Where do you set the delay? After the send but before the while loop?
It so very much sounds like the while loop is initially sampling the variable "data_received" before it is toggled, and then not performing any other read - i.e. that "data_received" isn't volatile for force a read each turn of the loop.
By the way - as I mentioned before, your while loop have no timeout. If you somehow get a problem resulting in only two characters being received, you would never get out of the loop. Any distributed code that is expecting an answer from another node must _always_ contain timeout handling to support link breakage, transfer errors, or that the other side may reboot/hang.
In your case, you don't even know if the other side is powered up when you send your command the first time - so maybe it is that your delay is needed _before_ you send your command, just because you power up both processors simultaneously and tha master is ready to send the first character before the slave is ready to start accepting answers?

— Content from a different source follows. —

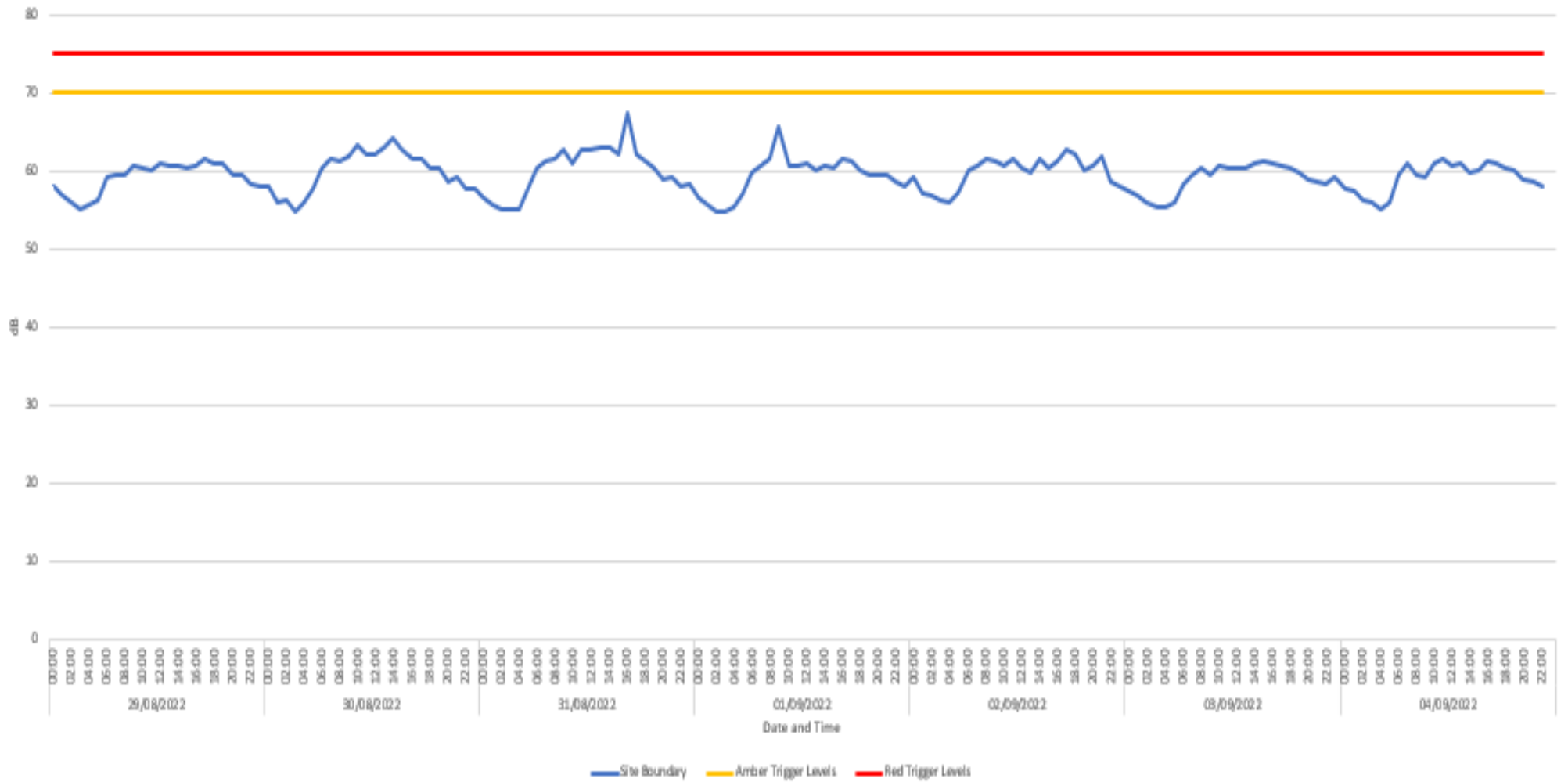
Figure 1. Noise Monitoring (29.08.22-04.09.22)

I only quoted part of the program. This is in another while loop and I added delay before send.
By the way - as I mentioned before, your while loop have no timeout.
With a time out, it will naturally come out of that loop. But I wanted to see why it doesn't work by checking the data_received bit. Once I ensure this working, I will definitely be adding a time out.

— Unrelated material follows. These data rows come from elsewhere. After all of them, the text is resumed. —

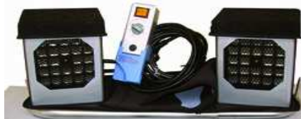
2 radiators -1500 watts generate 100% - FIR light 4-14 microns
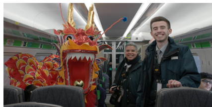
South Gloucestershire Chinese Association hosted a traditional Chinese Dragon dance for Lunar New Year
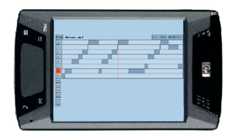
Fig. 3. The Semantic HIFI PDA Remote Control

Interface proposed. The visualization tool displays the track structure as an audio/midi sequencer representation (see Fig. 4). Time is represented in the horizontal axis.
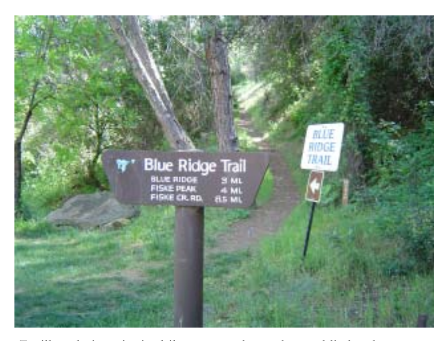
Trailhead signs invite hikers to explore other public land, through the "Gateway" of Cache Creek Regional Park.
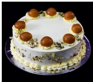
GULAB JAMON CAKE Rate : 1 kg1200 /-
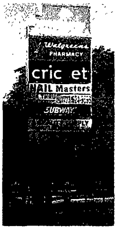
Existing - N.T.S.

▶ ONE DOUBLE FACE PYLON SIGN/ INTERNALLY ILLUMINATED/ MAIN ID CABINET IS ROUTED ALUCOBOND BACKED WITH DAY NIGHT PLEX/ TENANT CABINETS WITH WHITE LEXAN FACES WITH APPLIED TRANSLUCENT VINYL/ FABRICATED ALUMINUM CORNICE/ NON-ILLUMINATED REVEALS AND POLE COVER/ REMOVE EXISTING CABINETS AND USE EXISTING PIPE AND FOUNDATION
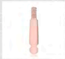
琴軫型號一 Tuning Peg Type 1
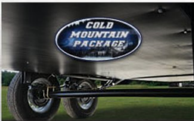
HEATED & ENCLOSED UNDERBELLY
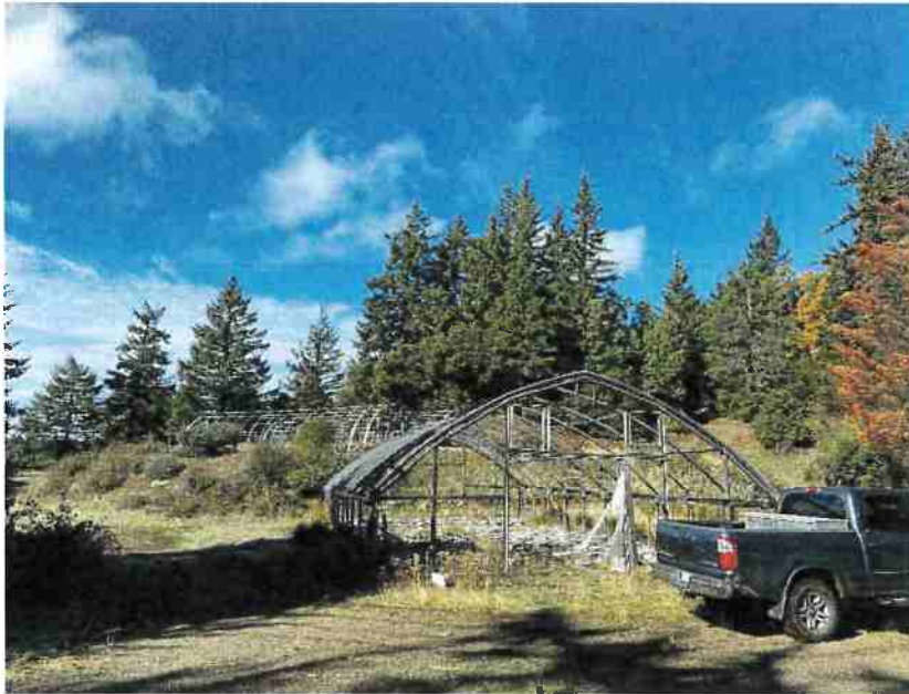
Photo 1. Looking northwest from Conversion Site #1 toward Conversion Site #2.
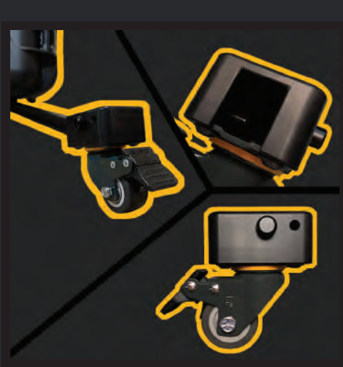
10. Connect the wheels to the stabilizing legs. Push the wheel into the end of the sta- bilizing leg by pressing the button on the side of the wheel. Release the button and lock the wheels on the stabilizing leg.

Your Wireless AP should light up as soon as the two ends of the ethernet cables are plugged in securely.
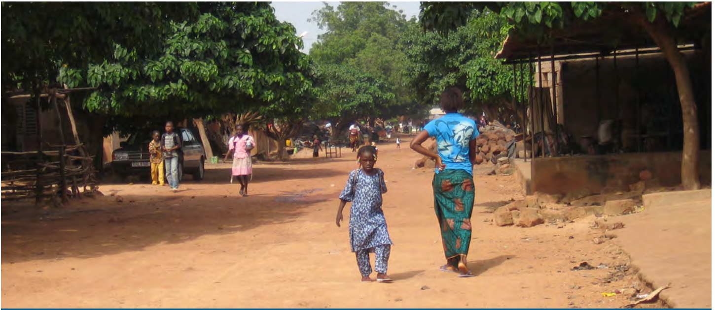
Street scene in Bobo Dioulasso, Burkina's second largest city.
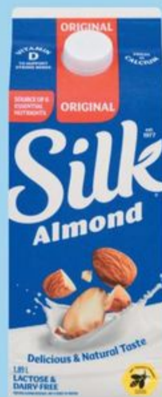
Silk dairy-free beverages selected varieties refrigerated, 1.75/1.89 L 20315090001_EA
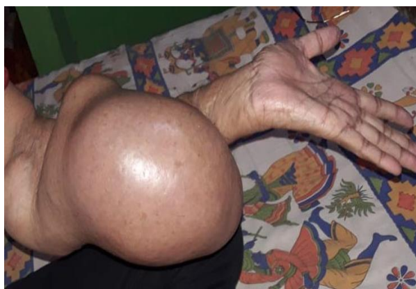
Fig-1: Pre-operative image on presentation

skin. Feeding vessel was dissected (Figure-4) and ligated before sac excision. Redundant skin was removed. Procedure completed in one hour and blood loss was about 50-60 ml. Per-operative period was uneventful. Patient recovered well with good cosmetic outcome (Figure-5) and presently on physiotherapy to gain maximum fore-arm function.

In your case, you don't even know if the other side is powered up when you send your command the first time -
I wait till uC2 start sending data using the following code in the beginning.
while(!data_received)// to give time to sensot to boot { sendchar('V'); wait(1000);
This part works. Also if I avoid
while(!data_received);
in the main program and replace it with a fixed delay of 10ms, then also it worke (data is received and displayed correctly). }
But you do need a delay since it takes more time to send 3 characters than it takes to send 1 character. So the processor sending 1 character have to spend some time waiting until 3 characters have been received before starting a new request - This could misinterpreted. you need to wait till the 3 characters are received, but that would be wrong to do by a delay, rarther count the bytes and do not send till 3 are received. It would be prudent to run a timeout on this so that some error handling would take place if the bytes were not recieved before time x.
Erik
Now the counting of received bytes works. I also provided a time out of 1 second. It is noticed that sometimes it has to time out. Does it mean that counting of bytes do not work always? If so, what could be the reason?

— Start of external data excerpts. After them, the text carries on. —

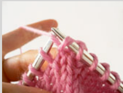
Figure 8. Scoop up the wrapped st and tog.
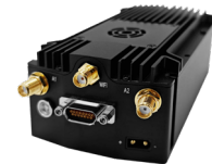
11.7×6.2×4.2cm/380g 2Watts×2/4Watts×2 Extended WIFI/HDMI/SDI (Air to G. 20~100/100~150KM)
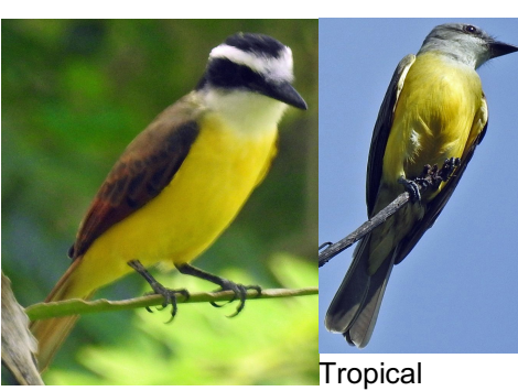
Social Flycatcher Kingbird
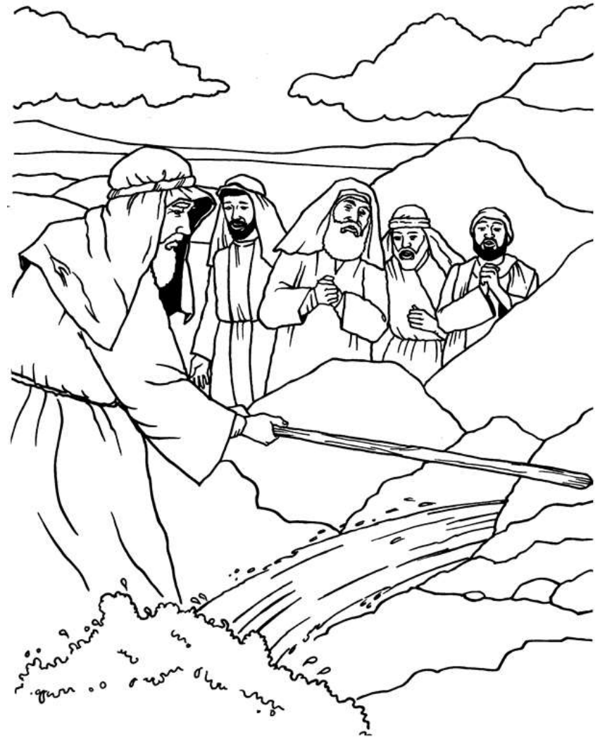
Moses Strikes the Rock Exodus 17:1-7

From BibleStoryCard Learning System(tm) Coloring Book © 1996 Wesleyan Publishing House Used by permission. Additional BibleStoryCard resources available by calling 1-800-493-7539 or visiting online http://www.parable.com/wph/group_1052.htm
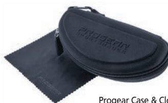
Progear Case & Cloth supplied as standard
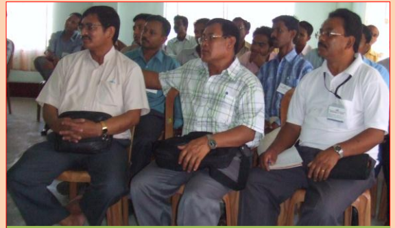
Pastors & Church leaders

As an extension of His ministry to India among the Nepali and Nepali speaking people churches, TEACH India is playing a great role. They are reaching all the states of North-east India . The coordinator (left picture) has a great passion to serve among the churches there. Before, she was sent for 3 years contract but now she doesn't want to come back to Nepal. Praise the Lord for her passion! She felt a burden for India and works incredibly hard to strengthen the
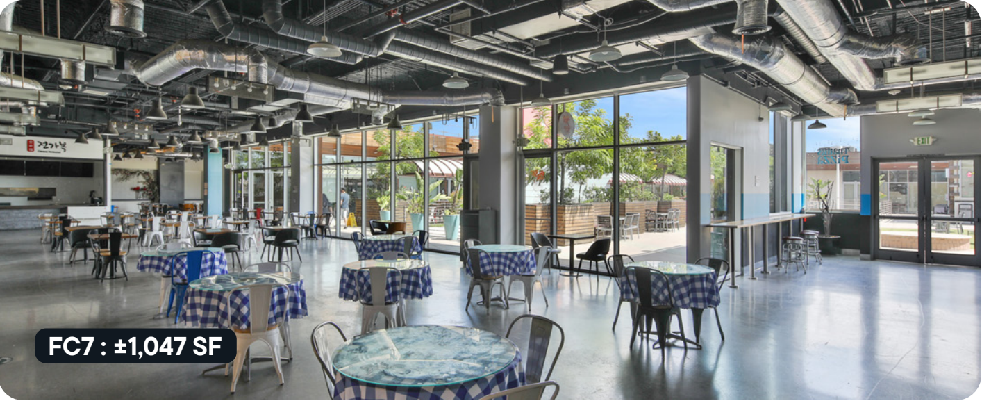
FC7 : ±1,047 SF

You could have a transfer problem.
Or you could have a problem with your delay.
How do you implement your delay? If the delay is handled by a timer with one-second granularity, then that delay can result in a zero delay if you call the delay function just before the timer ticks. So have you made sure that your design guarantees a minimum delay time of 1000ms?
It could mean that either the counting doesn't work, or bytes are being lost - or, possibly, both!
"If so, what could be the reason?"
It's your system and your code - so you need to debug it to find the reason!
Nobody else has your code or your system - so nobody else can do this for you!
Here are some debugging tips for you:
www.8052.com/.../120313
www.techonlineindia.com/.../Developing_a_good_bedside_manner.aspx
And of course - your code could fail to react to the ISR fast enough, resulting in a character being lost.
Thank you.